Senator Eric Schmitt has pulled back the curtain on what he calls a “Visa Cartel” that, he says, is costing Americans their jobs and hollowing out the middle class. His recent social media thread didn’t read like policy wonk-speak — it read like an accusation: companies are laying off American workers and routing jobs through a stacked pipeline of H-1B, L-1, F-1 and OPT visas to save money. That claim deserves a hard look, because if it’s true, it explains a lot about stalled wages and disappeared career paths for everyday Americans.
Schmitt’s claim: lay offs, cheaper foreign labor, and a “Visa Cartel”

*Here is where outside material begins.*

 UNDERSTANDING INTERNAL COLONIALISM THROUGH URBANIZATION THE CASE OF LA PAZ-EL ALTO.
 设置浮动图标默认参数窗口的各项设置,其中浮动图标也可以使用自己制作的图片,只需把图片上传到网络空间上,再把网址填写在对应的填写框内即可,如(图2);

Senator Schmitt argues that a lot of firms are replacing U.S. workers with visa holders who are paid below-market wages. He points to data showing many H-1B hires who replaced laid-off Americans receiving below-median salaries. The story he tells is blunt: companies save money by hiring cheaper foreign labor, often through networks of recruiters, petition filers, payroll shops and placement firms working under one roof. It’s not just about talent shortages — it’s about a structured pipeline that routes jobs away from Americans.
Universities, tech contractors, and the pipeline in plain sight
The labeling changes the game. Schmitt highlights examples in higher education and tech where H-1B and L-1 roles are advertised frequently, sometimes with higher title salaries for foreign hires but lower starting pay for U.S. applicants. Big tech contractors are accused of letting foreign applicants share interview answers and funneling jobs through outsourcing chains. Whether you call it gaming the system or organized labor arbitrage, the result is the same: fewer real openings for American grads, engineers, and middle-class workers trying to get ahead.

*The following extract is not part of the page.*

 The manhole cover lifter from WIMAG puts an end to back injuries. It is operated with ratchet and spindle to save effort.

Why Americans should care: wages, AI training, and the hollowed middle
What sounds like corporate efficiency is actually wage suppression. When companies can replace an American employee with a visa worker paid less, the pressure goes on overall pay standards. Schmitt even warns that Americans are subsidizing AI training abroad as part of the same scheme — training that ultimately helps automate and replace U.S. jobs. That’s not an abstract policy debate. It’s a pocketbook issue that hits people who buy groceries, pay mortgages, and hope their kids can stay in the same town and find decent work.
Fixes worth demanding and the political truth
If Schmitt is right, the solution is both simple and radical: close the loopholes, enforce wage floors, and make sure Americans get first dibs on the jobs in their own country. A high visa fee from the previous administration won’t stop networks of recruiters and shell entities from gaming the system. Congress needs to tighten oversight, regulators must audit the pipelines, and employers should be compelled to prove they genuinely searched the U.S. labor pool. Call it common-sense patriotism — or call it reclaiming the American job market from a parasitic cartel that treats workers like line items on a balance sheet.